I have a dataset which contains categorical and numerical predictors, and a binary logistic response. I need to select a best binary logistic model, and to achieve this I use function "Generalised Linear Model" to generate AIC for different models in SPSS and compare their AIC for the best model.

I am using forwarding method to generate the best model. So I tried to generate AIC for model with single predictor first, for example, I run models one by one and compare their AIC: "regress response on predictor A" and "regress response on predictor B" and "regress response on predictor C" etc.

The steps to do this is: analyse > generalised linear models > under tab "Type of Model" check binary logistic > under tab "response" put the response into dependent variable > under tab "predictors" put predictor A > under tab "Model" put predictor A. It generates a weird AIC value.

I tried running analyse > regression > binary logistic and run the same model "regress response on predictor A". In the output I got -2Loglikehood and plug it into the AIC formula "AIC= -2Loglikehood +2p". This AIC is different with the AIC generated by GLM using the step above.

However, if i try running GLM using the following steps instead:

analyse > generalised linear models > under tab "Type of Model" check binary logistic > under tab "response" put the response into dependent variable > under tab "predictors" put all predictors > under tab "Model" put predictor A. AIC value generated is identical or very close to what it is supposed to be.

I wonder why putting allpredictors/ just a predictor under "predictors" tab generate different AIC.

Best Answer

This could have to do with missing data, or it could have to do with GENLIN using the full likelihood function by default, where LOGISTIC REGRESSION always uses the kernel of the likelihood (or both).

If there are cases missing on any of the predictors or the dependent, then they won't be used as long as the predictor(s) on which they're missing are specified to the procedure.
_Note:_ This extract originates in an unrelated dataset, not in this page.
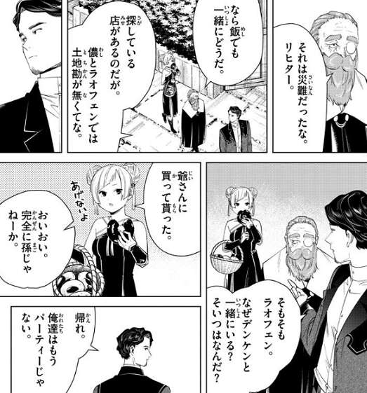 デンケンと一緒のパーティーだったリヒターは、町でお婆さんの灯りを直しています。灯りを直したお礼にとあめを渡されていて、町ではリヒターは結構、慕われているようです。そこにデンケンとラオフェンが来てリヒターを飯に誘います。しかしリヒターは、第一次試験の最後に殴り合いの喧嘩をやらされたので、体を休めたいと断ります。
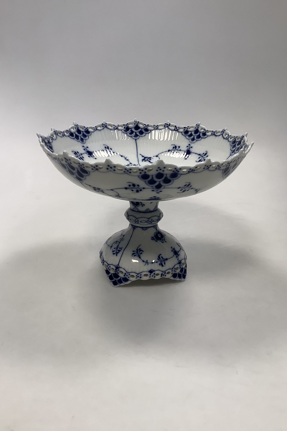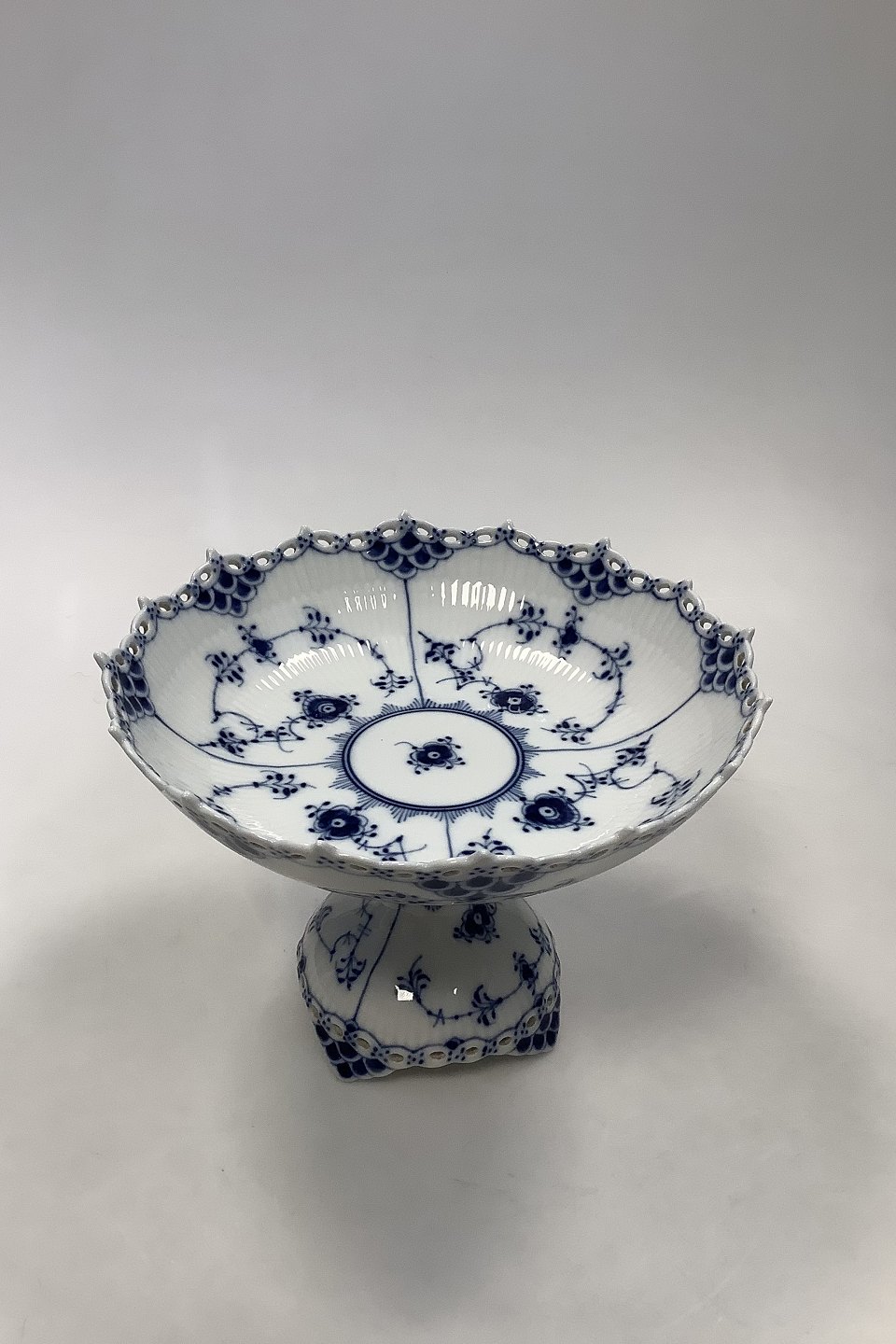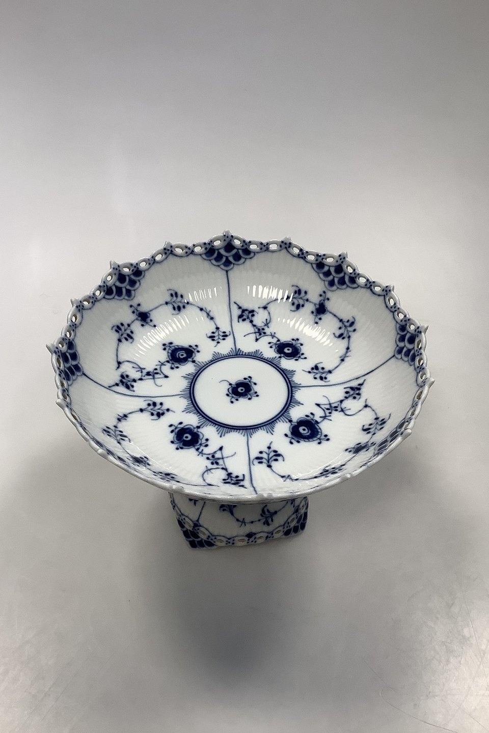 Royal Copenhagen Blue Fluted Full Lace Cake Bowl on Foot No 1020. 14.5 x 20.5 cm (5 45/64" x 8 5/64")

If you specify them on the Predictors tab, then listwise deletion of cases with missing data will be done using all of them, even if they're not used as predictors in a particular analysis. If you only specify one predictor on that tab and in the model, then listwise deletion is done only on that one predictor and the dependent variable, so more cases might remain for analysis. You'd want the same set of cases to be used for all these analyses, so specifying them all on the Predictors tab is the way to go (though if you have a lot of missing data you might want to consider something like multiple imputation to help deal with that).

The other possible issue is that LOGISTIC REGRESSION always gives -2 LL values based on the kernel of the binomial likelihood function, ignoring the binomial constant that doesn't affect the parameter estimation process. This is the most common way things are reported. GENLIN by default reports -2 LL values based on the full likelihood. You can change this on the Statistics tab under Log-Likelihood Function (change it from Full to Kernel).